WHAT TO DO:
Your answer is the line containing "請求項2の発明は、操縦席20" plus every line after it to the end of the data below, transcribed exactly and with nothing else.
**********
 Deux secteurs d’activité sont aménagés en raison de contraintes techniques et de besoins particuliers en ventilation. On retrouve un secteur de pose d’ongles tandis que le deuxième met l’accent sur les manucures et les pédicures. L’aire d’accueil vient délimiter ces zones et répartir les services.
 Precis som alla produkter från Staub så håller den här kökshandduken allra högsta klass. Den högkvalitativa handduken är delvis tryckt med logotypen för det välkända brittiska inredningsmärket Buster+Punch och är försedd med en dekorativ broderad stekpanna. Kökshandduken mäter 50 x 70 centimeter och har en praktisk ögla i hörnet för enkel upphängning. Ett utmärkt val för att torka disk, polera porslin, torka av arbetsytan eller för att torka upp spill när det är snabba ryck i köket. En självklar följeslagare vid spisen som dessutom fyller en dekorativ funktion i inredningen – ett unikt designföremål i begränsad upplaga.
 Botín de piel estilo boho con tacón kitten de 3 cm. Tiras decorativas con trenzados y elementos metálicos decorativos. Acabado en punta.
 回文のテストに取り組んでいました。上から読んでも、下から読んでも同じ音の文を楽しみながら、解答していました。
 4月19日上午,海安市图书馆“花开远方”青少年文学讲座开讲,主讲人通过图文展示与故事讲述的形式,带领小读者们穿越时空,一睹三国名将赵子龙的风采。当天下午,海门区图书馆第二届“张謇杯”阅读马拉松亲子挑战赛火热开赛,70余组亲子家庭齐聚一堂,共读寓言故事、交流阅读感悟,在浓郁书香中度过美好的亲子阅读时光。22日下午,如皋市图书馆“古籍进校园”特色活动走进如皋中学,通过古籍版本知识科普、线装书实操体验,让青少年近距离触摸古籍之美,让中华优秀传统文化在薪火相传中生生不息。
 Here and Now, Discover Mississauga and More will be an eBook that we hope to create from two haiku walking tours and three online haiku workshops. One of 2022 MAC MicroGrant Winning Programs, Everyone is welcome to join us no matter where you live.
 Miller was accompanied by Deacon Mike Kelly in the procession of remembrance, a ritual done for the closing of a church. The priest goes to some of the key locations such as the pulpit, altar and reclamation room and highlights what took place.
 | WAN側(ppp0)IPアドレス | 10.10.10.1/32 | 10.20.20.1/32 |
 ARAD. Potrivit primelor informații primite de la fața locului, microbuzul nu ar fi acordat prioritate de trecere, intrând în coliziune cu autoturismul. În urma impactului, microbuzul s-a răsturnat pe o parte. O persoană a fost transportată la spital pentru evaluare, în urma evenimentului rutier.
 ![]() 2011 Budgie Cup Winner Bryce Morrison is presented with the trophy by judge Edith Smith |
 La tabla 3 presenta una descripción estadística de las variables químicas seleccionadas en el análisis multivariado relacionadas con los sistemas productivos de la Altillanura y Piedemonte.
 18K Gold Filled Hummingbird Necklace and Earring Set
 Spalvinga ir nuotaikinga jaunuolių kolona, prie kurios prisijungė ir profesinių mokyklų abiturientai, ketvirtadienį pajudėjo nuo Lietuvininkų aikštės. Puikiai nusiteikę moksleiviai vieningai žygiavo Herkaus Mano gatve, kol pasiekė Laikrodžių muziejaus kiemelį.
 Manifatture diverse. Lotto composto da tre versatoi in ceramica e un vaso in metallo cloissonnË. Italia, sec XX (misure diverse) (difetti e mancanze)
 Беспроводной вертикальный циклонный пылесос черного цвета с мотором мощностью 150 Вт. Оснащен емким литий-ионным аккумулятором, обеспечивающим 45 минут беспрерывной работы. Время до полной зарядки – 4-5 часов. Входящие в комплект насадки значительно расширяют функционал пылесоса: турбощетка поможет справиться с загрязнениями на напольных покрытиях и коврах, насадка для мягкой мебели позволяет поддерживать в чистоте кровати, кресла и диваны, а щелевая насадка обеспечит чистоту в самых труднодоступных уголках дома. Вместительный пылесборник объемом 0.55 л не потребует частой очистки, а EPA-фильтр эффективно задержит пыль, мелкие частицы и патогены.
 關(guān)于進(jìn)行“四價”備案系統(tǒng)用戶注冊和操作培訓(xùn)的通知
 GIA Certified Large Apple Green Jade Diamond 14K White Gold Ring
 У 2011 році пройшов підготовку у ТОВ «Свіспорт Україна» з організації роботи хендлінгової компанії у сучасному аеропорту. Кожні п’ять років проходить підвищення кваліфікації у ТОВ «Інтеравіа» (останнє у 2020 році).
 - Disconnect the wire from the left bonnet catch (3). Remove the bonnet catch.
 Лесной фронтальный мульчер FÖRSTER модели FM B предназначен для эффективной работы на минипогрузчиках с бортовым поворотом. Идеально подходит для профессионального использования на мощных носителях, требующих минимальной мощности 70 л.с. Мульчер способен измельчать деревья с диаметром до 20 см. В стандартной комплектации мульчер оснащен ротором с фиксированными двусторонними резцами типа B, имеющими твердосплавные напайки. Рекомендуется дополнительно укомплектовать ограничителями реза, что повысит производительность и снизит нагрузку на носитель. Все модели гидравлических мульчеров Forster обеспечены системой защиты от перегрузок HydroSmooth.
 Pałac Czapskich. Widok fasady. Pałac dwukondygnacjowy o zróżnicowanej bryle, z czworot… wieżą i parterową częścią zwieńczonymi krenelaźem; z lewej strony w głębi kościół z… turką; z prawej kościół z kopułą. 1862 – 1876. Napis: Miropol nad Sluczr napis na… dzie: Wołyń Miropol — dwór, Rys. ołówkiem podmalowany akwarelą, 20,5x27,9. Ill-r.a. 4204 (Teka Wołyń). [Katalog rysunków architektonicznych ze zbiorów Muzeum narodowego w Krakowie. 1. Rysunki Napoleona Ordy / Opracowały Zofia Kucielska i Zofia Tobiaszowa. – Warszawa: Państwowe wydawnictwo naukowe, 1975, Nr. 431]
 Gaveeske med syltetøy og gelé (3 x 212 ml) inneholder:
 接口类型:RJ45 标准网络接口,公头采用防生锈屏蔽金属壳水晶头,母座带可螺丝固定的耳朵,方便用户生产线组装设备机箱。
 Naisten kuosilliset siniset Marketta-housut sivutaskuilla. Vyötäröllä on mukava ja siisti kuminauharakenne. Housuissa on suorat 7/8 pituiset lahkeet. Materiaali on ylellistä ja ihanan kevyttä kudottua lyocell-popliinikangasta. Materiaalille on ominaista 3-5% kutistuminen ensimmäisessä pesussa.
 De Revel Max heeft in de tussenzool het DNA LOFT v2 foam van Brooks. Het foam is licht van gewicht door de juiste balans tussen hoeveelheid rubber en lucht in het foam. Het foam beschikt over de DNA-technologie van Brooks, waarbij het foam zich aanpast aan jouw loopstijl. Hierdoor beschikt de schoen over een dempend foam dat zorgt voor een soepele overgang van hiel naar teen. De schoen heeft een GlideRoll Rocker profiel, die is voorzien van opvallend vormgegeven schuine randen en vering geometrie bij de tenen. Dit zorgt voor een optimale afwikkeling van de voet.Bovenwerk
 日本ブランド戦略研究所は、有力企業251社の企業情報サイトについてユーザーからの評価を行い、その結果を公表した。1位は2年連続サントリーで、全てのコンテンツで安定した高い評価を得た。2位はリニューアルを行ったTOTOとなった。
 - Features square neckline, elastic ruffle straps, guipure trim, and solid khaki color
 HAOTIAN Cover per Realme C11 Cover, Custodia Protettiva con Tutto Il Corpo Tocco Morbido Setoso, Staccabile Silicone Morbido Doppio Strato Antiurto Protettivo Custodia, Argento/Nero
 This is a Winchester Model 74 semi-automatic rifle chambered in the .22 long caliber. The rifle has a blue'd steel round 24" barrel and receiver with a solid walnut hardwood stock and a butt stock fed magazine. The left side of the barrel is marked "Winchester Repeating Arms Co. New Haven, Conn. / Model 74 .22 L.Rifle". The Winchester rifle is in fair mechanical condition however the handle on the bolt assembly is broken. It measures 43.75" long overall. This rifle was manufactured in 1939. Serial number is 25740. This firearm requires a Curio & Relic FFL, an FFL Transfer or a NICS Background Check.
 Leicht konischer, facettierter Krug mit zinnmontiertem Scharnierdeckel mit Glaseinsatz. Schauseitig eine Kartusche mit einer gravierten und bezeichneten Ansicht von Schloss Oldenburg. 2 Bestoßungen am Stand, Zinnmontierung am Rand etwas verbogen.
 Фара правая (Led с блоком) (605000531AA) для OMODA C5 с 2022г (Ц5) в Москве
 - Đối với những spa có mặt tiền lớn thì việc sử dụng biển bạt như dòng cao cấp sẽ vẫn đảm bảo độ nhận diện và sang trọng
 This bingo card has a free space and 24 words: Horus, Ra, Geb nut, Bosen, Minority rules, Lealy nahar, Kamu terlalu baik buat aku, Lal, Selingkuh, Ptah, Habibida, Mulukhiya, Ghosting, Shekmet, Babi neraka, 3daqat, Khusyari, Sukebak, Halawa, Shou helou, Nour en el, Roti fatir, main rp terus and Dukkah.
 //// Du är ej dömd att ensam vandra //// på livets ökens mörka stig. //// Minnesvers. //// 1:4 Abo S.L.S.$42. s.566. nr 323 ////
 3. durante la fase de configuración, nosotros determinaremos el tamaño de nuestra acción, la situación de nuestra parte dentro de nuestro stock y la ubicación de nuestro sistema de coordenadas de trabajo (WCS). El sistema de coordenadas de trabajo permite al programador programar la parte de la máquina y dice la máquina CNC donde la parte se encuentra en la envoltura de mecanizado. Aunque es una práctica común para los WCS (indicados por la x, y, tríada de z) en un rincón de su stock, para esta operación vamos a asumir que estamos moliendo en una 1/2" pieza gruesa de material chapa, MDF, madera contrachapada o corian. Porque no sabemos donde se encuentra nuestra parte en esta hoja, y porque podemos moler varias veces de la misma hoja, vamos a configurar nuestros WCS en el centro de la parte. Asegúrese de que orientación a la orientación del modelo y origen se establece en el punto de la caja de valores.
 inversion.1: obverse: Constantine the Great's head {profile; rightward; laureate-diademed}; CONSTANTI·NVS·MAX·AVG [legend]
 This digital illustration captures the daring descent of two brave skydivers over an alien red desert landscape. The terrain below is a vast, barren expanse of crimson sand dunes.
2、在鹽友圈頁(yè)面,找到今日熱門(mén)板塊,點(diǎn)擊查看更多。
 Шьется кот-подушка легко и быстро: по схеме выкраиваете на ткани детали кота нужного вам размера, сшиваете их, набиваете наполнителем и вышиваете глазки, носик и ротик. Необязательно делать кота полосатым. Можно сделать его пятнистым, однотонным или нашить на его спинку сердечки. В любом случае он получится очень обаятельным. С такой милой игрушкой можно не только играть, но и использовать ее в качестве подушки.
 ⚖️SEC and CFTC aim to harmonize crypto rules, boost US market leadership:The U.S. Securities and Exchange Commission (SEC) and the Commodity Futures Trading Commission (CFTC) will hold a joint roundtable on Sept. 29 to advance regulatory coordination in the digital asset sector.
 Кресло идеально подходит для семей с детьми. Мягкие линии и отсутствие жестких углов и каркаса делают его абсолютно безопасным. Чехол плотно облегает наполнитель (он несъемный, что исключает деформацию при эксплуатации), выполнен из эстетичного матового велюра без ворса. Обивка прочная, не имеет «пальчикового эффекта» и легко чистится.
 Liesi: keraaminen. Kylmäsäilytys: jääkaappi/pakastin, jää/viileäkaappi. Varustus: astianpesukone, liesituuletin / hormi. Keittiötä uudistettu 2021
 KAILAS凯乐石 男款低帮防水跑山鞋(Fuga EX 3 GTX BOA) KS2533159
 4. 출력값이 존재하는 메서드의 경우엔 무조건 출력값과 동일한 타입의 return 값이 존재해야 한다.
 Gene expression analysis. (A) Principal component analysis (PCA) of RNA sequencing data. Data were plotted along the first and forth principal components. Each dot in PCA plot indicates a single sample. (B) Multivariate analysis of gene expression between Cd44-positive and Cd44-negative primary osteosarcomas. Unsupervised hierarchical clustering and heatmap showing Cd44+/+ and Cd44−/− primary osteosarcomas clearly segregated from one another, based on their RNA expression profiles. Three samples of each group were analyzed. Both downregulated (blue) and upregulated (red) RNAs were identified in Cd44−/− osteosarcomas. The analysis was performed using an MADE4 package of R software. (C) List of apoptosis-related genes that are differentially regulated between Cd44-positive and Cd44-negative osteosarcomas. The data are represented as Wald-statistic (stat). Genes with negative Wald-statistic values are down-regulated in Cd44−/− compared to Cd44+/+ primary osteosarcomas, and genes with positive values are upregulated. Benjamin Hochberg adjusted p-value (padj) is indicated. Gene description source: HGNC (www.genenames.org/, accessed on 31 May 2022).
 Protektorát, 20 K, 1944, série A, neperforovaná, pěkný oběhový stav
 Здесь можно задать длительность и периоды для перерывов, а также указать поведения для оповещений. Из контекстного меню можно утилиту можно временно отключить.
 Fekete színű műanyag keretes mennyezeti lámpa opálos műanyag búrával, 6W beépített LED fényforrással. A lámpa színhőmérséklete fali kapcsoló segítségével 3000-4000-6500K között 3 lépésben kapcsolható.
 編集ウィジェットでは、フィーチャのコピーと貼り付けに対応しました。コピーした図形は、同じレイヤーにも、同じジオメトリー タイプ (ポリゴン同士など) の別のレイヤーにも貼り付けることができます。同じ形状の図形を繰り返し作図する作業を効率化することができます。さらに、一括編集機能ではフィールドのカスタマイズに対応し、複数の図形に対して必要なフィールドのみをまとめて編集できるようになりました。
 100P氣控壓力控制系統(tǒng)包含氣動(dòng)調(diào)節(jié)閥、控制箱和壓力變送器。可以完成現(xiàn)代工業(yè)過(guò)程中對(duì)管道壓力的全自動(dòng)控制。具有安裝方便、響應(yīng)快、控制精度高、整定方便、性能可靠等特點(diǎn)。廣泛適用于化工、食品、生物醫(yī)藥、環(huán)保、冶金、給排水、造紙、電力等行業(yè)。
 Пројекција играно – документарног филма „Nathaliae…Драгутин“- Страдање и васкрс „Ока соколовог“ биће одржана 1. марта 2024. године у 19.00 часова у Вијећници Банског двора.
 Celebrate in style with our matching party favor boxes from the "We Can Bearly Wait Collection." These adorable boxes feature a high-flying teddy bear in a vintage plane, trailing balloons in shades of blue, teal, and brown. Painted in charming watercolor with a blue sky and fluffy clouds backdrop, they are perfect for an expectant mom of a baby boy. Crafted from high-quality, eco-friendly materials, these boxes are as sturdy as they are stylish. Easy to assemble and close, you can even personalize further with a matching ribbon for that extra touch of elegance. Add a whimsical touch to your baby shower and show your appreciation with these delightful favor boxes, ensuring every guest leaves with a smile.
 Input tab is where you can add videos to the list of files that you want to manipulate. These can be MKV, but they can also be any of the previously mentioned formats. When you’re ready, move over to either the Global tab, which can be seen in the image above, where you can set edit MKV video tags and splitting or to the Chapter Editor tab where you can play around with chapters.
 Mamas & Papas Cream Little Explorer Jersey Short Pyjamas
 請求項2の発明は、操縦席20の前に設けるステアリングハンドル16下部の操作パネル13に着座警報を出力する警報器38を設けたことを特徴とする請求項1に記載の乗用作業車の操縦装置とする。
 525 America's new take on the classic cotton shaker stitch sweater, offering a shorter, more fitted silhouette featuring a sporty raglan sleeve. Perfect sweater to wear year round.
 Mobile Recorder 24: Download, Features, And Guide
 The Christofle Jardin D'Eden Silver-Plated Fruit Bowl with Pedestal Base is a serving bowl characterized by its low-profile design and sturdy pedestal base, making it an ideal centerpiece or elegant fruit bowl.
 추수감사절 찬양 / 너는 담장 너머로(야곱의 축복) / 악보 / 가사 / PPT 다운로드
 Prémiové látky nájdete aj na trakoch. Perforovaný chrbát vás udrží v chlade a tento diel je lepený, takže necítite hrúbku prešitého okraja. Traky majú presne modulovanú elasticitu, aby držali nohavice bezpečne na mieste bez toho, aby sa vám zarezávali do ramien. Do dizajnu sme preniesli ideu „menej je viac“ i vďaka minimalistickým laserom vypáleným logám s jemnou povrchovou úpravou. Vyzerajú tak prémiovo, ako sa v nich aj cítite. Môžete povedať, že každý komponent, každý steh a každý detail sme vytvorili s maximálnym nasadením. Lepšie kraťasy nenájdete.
**********
OUTPUT FOR THIS TASK:
 請求項2の発明は、操縦席20の前に設けるステアリングハンドル16下部の操作パネル13に着座警報を出力する警報器38を設けたことを特徴とする請求項1に記載の乗用作業車の操縦装置とする。
 525 America's new take on the classic cotton shaker stitch sweater, offering a shorter, more fitted silhouette featuring a sporty raglan sleeve. Perfect sweater to wear year round.
 Mobile Recorder 24: Download, Features, And Guide
 The Christofle Jardin D'Eden Silver-Plated Fruit Bowl with Pedestal Base is a serving bowl characterized by its low-profile design and sturdy pedestal base, making it an ideal centerpiece or elegant fruit bowl.
 추수감사절 찬양 / 너는 담장 너머로(야곱의 축복) / 악보 / 가사 / PPT 다운로드
 Prémiové látky nájdete aj na trakoch. Perforovaný chrbát vás udrží v chlade a tento diel je lepený, takže necítite hrúbku prešitého okraja. Traky majú presne modulovanú elasticitu, aby držali nohavice bezpečne na mieste bez toho, aby sa vám zarezávali do ramien. Do dizajnu sme preniesli ideu „menej je viac“ i vďaka minimalistickým laserom vypáleným logám s jemnou povrchovou úpravou. Vyzerajú tak prémiovo, ako sa v nich aj cítite. Môžete povedať, že každý komponent, každý steh a každý detail sme vytvorili s maximálnym nasadením. Lepšie kraťasy nenájdete.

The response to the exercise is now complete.